Number of minimal eigenvalues to compute = 1
Using Jacobi-Davidson method!
Number of maximal eigenvalues to compute = 1
Using Jacobi-Davidson method!
# PHMC: time/s for eigenvalue computation 9.569840e+01
95 seconds for computing eigenvalues?!
well, on a 4^4 lattice I can imagine that there is no big speedup. But as soon as the main time is spend in Dirac operator times vector operations, one should observe almost the same speedup as for the Dirac operator itself. On a small lattice other methods might outperform JD, since JD has a part that is not parallelised (and not so easily parallelisable over many CPUs, but easily with openMP over different threads)
It also has overhead, which might slow it down. I don't know about the 95 secs, though...
It seems as though is is a regression from c99 complex or one of the other changes to etmc/master since 5.1.6. I just checked with 5.1.6 and the computation there is very fast. My first test with scalasca seems to indicate that something is happing in bicgstab_bi which should not be happening. %80 of total runtime is spent in communication from there. I will get back with more details in an hour or so.

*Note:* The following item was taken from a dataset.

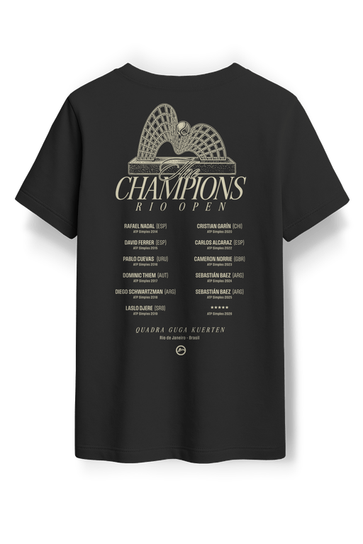 Entre o que chega à loja, destaque para a t-shirt dos Campeões (R$ 150), que homenageia todos os vencedores do torneio — uma verdadeira peça de coleção para os fãs. O design celebra nomes que marcaram a história do Rio Open, como Rafael Nadal (2014), David Ferrer (2015), Pablo Cuevas (2016), Dominic Thiem (2017), Diego Schwartzman (2018), Laslo Djere (2019), Cristian Garín (2020), Carlos Alcaraz (2022), Cameron Norrie (2023) e Sebastián Báez (2024 e 2025).

Ok, I hope I can describe this sufficiently clearly without some sort of screensharing.
What I see is that jdher_bi seems to have trouble converging in the current etmc/master branch. Both runs call jdher_bi 40 times in a run with 10 trajectories. However, 5.1.6 calls bicgstab_complex_bi ~ 1e3 times while etmc/master calls it ~ 4e4 times, easily explaining the runtime factor. (this is also true for all the other functions called directly from within jdher_bi)
Now the remaining question is why we have this convergence problem. I compiled both executables in exactly the same way and ran 4^4 lattices with 4 MPI processes in 2 dim paralellisation.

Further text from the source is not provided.